The following functions may be used to obtain required information from the loaded module:

  • ncx_get_modname() - Get the main module name

  • ncx_get_mod_nsid() -  Get the main module namespace ID

  • ncx_get_modversion() - Get the module version

  • ncx_get_modnamespace() - Get the module namespace URI



The make_module_val function constructs a static data based on the module information.
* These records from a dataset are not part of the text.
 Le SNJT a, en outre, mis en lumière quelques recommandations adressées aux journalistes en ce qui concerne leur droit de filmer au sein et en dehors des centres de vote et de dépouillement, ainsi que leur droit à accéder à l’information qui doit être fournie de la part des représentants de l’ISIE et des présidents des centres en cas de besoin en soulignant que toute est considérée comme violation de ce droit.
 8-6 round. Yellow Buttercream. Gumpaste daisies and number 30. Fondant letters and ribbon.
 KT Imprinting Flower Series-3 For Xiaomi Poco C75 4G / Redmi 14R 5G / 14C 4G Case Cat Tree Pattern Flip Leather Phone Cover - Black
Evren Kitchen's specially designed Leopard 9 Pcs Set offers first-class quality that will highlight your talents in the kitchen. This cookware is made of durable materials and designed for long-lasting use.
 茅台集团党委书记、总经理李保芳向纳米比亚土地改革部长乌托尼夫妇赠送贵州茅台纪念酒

After a val_value tree for the module is constructed, the module value is added to the mymodules_val parent.

The mymodules_val pointer represents a parent of the module list, which is a container “modules”.
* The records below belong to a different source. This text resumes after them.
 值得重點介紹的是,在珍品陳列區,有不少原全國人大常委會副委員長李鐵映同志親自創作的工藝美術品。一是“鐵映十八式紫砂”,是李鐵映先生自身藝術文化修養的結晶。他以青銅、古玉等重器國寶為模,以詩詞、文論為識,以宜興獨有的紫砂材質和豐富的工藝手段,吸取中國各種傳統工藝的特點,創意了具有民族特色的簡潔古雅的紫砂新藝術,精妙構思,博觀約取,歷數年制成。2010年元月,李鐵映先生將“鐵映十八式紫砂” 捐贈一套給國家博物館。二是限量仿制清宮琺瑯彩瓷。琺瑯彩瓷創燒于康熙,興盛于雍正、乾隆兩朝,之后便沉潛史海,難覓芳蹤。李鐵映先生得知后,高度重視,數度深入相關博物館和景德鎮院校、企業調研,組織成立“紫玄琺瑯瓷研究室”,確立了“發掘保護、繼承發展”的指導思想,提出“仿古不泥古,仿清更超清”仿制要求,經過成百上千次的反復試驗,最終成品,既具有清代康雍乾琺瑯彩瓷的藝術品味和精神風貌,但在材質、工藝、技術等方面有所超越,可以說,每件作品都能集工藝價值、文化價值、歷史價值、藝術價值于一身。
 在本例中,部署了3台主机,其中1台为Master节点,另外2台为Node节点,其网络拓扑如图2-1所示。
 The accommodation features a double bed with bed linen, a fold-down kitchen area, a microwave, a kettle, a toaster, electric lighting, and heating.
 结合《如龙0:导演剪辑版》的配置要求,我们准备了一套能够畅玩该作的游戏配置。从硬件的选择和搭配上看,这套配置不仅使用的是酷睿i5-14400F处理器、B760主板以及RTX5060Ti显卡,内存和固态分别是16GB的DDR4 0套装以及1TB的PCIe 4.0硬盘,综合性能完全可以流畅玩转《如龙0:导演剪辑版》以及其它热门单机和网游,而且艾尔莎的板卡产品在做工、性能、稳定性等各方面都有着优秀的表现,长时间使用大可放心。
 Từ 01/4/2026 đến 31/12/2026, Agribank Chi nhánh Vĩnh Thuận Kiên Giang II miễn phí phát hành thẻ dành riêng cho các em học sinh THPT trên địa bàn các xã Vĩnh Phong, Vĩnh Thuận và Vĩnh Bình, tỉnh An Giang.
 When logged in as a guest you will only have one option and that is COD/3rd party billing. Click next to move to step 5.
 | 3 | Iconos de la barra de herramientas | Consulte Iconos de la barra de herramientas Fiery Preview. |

/******************************************************************** 
* FUNCTION make_module_val 
* 
* make a val_value_t struct for a 'mod' module 
* 
* Path: /modules/module 
* 
* RETURNS: 
*     error status 
********************************************************************/ 
static val_value_t * 
        make_module_val (ncx_module_t *mod, 
                         obj_template_t *module_obj, 
                         status_t *res)
{ 
    *res = NO_ERR; 

    /* create /module node */ 
    val_value_t *module_val = val_new_value(); 
    if (!module_val) { 
        *res = ERR_INTERNAL_MEM; 
        return NULL; 
    } 
    val_init_from_template(module_val, module_obj); 

    /* create list key /module/name */    
    val_value_t *childval = 
        agt_make_leaf(module_obj, 
                      (const xmlChar *)"name", 
                      ncx_get_modname(mod), 
                      res); 
    if (!childval) { 
        val_free_value(module_val); 
        return NULL; 
    } 
    *res = val_child_add(childval, module_val); 
    if (*res != NO_ERR) {
         val_free_value(childval);
         val_free_value(module_val);
         return NULL;
    }

    /* create list key module/revision */ 
    childval = 
        agt_make_leaf(module_obj, 
                      (const xmlChar *)"revision", 
                      ncx_get_modversion(mod), 
                      res); 
    if (!childval) { 
        val_free_value(module_val); 
        return NULL; 
    } 
    *res = val_child_add(childval, module_val);
    if (*res != NO_ERR) {
         val_free_value(childval);
         val_free_value(module_val);
         return NULL;
    }

    /* generate the internal index Q chain */ 
    *res = val_gen_index_chain(module_obj, module_val); 
    if (*res != NO_ERR) { 
        log_error("\nError: could not generate index chain (%s)", 
            get_error_string(*res)); 
        val_free_value(module_val); 
        return NULL; 
    } 

    return module_val;

} /* add_module_callback */


In the above code example, we constructed a list entry with two leafs - “name” and “revision” based on the loaded module information. Make sure to generate index chain after you construct a list entry to let the server to normalize and populate list indexes.


  ...

    val_value_t *module = make_module_val(mod, mymodule_obj, &res); 
    if (module == NULL) { 
        log_error("\nError: could not make val_value_t for module"); 
    } else { 
        res = val_child_add(module, mymodules_val); 
        if (res != NO_ERR) {
            val_free_value(module);
        }
    } 

  ...


To summarize, after we created the list entry based on the loaded module information and generated the index chain, we can add this list entry to the parent container mymodules_val with help of val_child_add function.